◆ **TASK DETAILS**:
In the records below, the line with "Une heure plus" opens the range and the line with "Kira Ryuk T-Shirt" closes it; print that range exactly and nothing else.
── RECORD EXCERPTS
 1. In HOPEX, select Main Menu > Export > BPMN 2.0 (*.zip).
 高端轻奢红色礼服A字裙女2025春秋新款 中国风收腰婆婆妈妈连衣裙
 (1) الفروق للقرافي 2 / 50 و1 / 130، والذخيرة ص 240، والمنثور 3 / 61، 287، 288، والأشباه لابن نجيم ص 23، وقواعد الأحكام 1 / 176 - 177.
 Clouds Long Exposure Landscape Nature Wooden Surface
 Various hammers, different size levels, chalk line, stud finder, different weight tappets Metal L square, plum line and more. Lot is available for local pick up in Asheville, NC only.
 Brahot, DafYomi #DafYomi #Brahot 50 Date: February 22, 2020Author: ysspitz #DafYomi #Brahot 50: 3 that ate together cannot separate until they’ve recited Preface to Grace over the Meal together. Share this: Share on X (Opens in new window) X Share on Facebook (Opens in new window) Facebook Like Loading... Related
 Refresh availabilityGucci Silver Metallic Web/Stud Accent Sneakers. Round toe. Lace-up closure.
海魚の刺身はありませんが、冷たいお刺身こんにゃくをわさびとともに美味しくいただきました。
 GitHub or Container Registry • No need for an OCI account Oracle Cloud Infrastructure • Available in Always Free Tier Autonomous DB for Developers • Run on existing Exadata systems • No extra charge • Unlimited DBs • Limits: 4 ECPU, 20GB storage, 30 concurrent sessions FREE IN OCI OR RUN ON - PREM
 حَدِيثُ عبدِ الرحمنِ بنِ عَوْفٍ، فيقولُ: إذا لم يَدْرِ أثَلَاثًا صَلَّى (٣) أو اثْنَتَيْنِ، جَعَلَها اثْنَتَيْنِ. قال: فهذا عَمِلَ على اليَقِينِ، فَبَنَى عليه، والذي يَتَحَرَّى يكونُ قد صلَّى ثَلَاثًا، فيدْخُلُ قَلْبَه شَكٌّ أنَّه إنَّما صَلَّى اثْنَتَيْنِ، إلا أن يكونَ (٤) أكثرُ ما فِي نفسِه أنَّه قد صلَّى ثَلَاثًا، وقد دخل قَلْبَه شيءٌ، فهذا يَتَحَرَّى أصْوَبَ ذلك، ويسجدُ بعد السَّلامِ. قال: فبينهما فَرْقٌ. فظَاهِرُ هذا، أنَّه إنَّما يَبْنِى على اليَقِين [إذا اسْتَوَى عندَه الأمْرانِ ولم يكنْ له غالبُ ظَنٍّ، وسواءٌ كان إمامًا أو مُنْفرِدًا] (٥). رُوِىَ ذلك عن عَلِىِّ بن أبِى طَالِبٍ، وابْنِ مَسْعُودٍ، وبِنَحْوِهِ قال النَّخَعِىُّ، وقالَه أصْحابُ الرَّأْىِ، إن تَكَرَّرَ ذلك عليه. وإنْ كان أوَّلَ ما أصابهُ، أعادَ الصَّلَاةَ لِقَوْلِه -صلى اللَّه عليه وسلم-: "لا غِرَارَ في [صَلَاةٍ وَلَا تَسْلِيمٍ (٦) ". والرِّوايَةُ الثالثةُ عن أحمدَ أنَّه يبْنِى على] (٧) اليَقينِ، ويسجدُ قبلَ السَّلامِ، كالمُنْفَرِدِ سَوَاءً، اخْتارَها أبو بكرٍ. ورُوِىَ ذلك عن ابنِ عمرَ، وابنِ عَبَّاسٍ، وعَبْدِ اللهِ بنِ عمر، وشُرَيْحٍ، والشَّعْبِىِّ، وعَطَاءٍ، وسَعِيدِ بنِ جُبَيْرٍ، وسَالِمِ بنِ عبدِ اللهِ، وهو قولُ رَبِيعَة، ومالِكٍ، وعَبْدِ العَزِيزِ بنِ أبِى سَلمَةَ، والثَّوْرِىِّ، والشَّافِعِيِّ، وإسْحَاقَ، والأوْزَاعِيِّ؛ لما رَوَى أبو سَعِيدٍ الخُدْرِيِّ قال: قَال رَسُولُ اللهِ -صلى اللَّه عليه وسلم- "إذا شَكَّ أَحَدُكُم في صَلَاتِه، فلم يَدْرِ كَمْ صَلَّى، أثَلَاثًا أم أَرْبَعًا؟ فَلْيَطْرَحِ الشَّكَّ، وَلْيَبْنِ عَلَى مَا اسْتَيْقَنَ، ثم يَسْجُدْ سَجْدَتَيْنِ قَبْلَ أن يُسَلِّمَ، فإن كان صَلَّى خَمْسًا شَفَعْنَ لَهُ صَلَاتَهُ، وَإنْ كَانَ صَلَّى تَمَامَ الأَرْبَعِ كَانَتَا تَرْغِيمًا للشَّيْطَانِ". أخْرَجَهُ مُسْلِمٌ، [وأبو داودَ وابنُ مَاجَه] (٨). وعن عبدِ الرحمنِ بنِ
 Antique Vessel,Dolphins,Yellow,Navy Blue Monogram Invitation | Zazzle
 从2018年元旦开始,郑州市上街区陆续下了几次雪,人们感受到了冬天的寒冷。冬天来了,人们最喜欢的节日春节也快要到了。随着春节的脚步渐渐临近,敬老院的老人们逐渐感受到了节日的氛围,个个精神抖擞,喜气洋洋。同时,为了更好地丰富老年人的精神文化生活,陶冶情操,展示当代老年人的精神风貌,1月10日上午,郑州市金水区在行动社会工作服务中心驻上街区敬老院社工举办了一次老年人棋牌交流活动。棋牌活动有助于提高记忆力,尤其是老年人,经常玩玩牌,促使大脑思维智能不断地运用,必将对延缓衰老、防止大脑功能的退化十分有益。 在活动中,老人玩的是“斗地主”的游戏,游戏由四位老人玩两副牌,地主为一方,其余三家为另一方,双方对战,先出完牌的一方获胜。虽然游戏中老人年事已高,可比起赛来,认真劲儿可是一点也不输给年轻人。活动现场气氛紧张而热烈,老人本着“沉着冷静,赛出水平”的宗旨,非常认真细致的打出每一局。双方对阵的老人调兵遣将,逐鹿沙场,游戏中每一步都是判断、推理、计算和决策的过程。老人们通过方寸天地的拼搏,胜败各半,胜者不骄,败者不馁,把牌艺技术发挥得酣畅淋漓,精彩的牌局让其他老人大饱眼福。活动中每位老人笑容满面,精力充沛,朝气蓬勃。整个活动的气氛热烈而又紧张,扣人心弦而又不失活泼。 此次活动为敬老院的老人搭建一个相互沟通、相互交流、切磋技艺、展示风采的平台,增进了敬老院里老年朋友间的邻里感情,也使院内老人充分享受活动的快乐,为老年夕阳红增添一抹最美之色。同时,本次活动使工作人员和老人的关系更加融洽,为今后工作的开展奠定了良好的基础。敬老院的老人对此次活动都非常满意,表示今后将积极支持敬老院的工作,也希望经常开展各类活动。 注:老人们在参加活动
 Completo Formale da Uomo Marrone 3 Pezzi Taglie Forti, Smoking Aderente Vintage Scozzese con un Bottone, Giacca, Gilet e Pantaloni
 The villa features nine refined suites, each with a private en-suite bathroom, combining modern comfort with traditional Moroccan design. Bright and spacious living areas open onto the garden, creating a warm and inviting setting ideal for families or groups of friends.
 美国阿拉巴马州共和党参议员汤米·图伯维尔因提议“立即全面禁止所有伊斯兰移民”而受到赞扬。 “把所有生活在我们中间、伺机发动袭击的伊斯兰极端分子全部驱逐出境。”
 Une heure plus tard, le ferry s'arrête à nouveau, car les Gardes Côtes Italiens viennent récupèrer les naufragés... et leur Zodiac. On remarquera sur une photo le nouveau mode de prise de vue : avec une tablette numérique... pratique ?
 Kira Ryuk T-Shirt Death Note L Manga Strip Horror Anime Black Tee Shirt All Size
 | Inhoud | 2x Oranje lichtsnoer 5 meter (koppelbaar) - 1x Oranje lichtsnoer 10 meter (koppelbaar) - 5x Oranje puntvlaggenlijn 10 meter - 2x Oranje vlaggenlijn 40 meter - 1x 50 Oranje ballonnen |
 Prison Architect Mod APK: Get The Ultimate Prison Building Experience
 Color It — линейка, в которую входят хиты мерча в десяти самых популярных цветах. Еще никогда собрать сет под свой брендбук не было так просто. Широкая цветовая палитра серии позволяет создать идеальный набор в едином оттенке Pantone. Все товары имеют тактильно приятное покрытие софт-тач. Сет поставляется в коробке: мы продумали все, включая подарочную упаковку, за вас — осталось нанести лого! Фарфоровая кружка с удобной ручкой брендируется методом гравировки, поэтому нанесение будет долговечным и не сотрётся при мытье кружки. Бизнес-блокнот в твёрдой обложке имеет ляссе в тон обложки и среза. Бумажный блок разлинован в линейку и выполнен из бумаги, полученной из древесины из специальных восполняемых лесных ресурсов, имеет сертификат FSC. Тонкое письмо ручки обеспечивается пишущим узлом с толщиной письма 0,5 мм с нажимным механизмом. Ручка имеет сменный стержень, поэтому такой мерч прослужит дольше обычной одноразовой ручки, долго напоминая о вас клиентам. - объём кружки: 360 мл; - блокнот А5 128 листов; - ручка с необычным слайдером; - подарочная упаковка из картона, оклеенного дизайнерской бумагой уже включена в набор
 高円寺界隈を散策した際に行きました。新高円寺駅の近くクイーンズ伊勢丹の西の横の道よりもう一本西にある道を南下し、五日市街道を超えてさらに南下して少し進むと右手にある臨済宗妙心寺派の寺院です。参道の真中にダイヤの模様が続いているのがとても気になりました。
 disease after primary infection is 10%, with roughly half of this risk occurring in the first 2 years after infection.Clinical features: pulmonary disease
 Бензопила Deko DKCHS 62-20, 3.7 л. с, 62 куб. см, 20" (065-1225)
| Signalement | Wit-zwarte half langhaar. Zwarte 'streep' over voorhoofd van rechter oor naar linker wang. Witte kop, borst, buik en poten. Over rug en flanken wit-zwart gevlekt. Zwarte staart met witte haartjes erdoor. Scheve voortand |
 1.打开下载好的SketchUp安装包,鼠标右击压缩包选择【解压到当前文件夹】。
────
◆ **SOLUTION TO THIS TASK**:
 Une heure plus tard, le ferry s'arrête à nouveau, car les Gardes Côtes Italiens viennent récupèrer les naufragés... et leur Zodiac. On remarquera sur une photo le nouveau mode de prise de vue : avec une tablette numérique... pratique ?
 Kira Ryuk T-Shirt Death Note L Manga Strip Horror Anime Black Tee Shirt All Size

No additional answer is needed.